We take anesthesia very seriously, even in the most routine surgeries. We use the safest protocols and measures to ensure that we minimize the risk to your pet as much as possible and keep them as comfortable as possible. The following information outlines our efforts to make anesthesia for your pet as safe and comfortable as we can:

  1. A full physical examination is performed prior to all procedures.
  2. We recommend pre-surgical blood work to ensure that there are not any other health issues that might affect the choice of procedures or drugs used on your pet or indicate an increased risk of surgery for your pet (i.e. - anemia, kidney or liver issues, electrolyte imbalances).
  3. Balanced Anesthesia - This is the idea that we use a combination of several drugs in smaller doses rather than a single large dose of any one medication to help balance any potential risks associated with a single drug. We typically use a sedative, an injectable pain medication and either an injectable or an inhaled anesthetic (depending on the procedure being performed).

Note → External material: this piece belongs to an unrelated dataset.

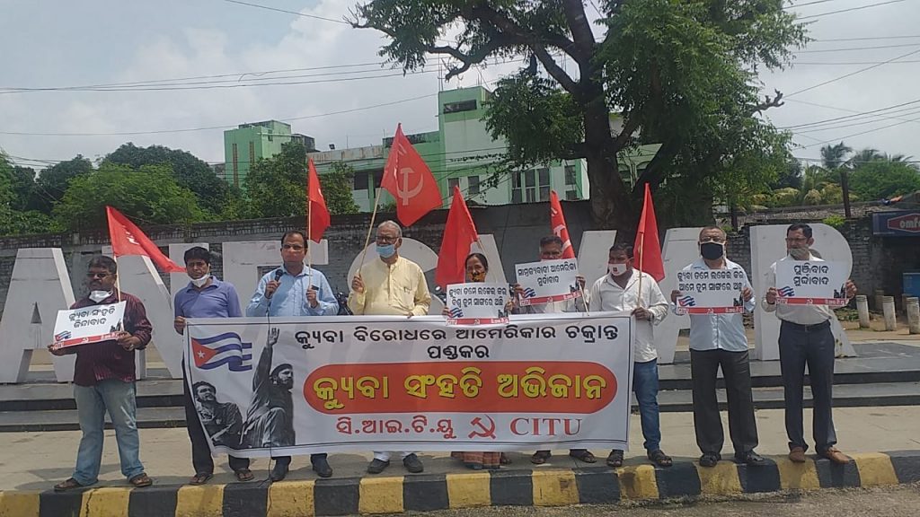 କ୍ୟୁବା ରାଷ୍ଟ୍ର ଉପରେ ହେଉଥିବା ଚକ୍ରାନ୍ତକୁ ନେଇ ସି.ଆଇ.ଟି.ୟୁ.ର ବିକ୍ଷୋଭ।

  4. Monitoring - A veterinary technician will be with your pet for the entire procedure monitoring their vital signs (this includes spays and neuters). We use advanced equipment to continually monitor your pet’s EKG (heart tracing), blood pressure, oxygen saturation (pulse oximetry), respiratory level, end tidal CO2, and temperature. This information is recorded electronically and transferred into your pet’s permanent record.

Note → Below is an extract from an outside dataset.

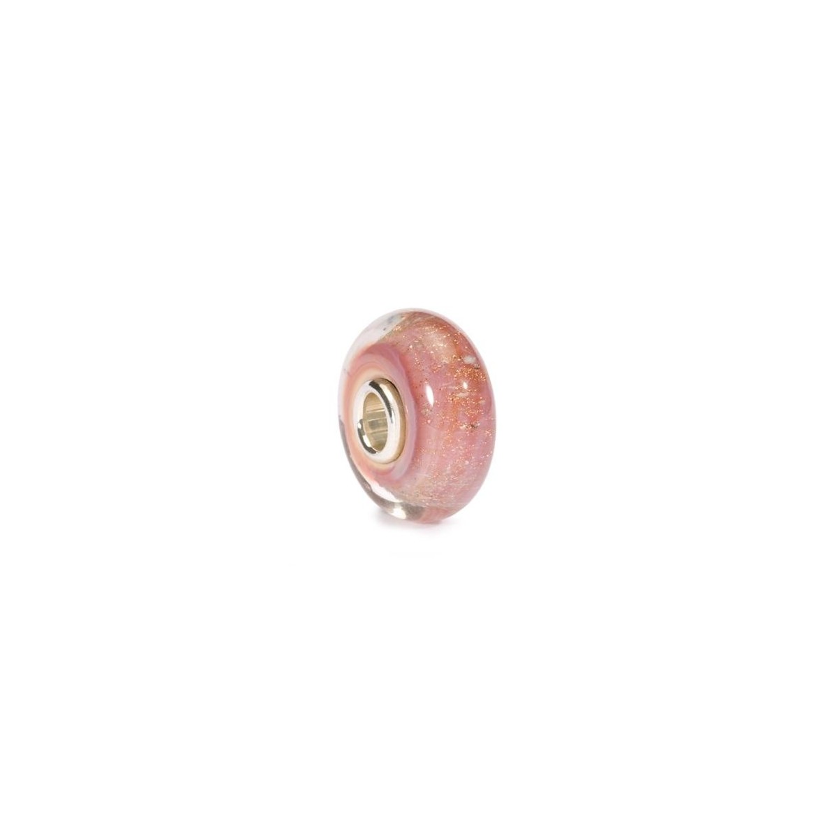 Beads in vetro Deserto Rosa con rivetto in argento 925 Trollbeads con significato "Un tranquillo tramonto nel deserto, il cielo rosato si riflette come milioni di piccoli soli nella sabbia brillante".

  5. Supportive Care - Every patient has an IV catheter placed prior to or during anesthesia. This allows us to administer IV fluids and electrolytes to support kidney function and blood pressure during anesthesia. IV fluids also help your pet clear anesthetic medications easier for a more rapid recovery. In addition, an IV catheter allows us to administer IV pain medication if needed and provides quick access for medications in the rare event that a complication occurs.
  6. Recovery - Monitoring of your pet’s vitals continues until they are fully awake from anesthesia. They are kept warm and additional pain medications are given if they are needed.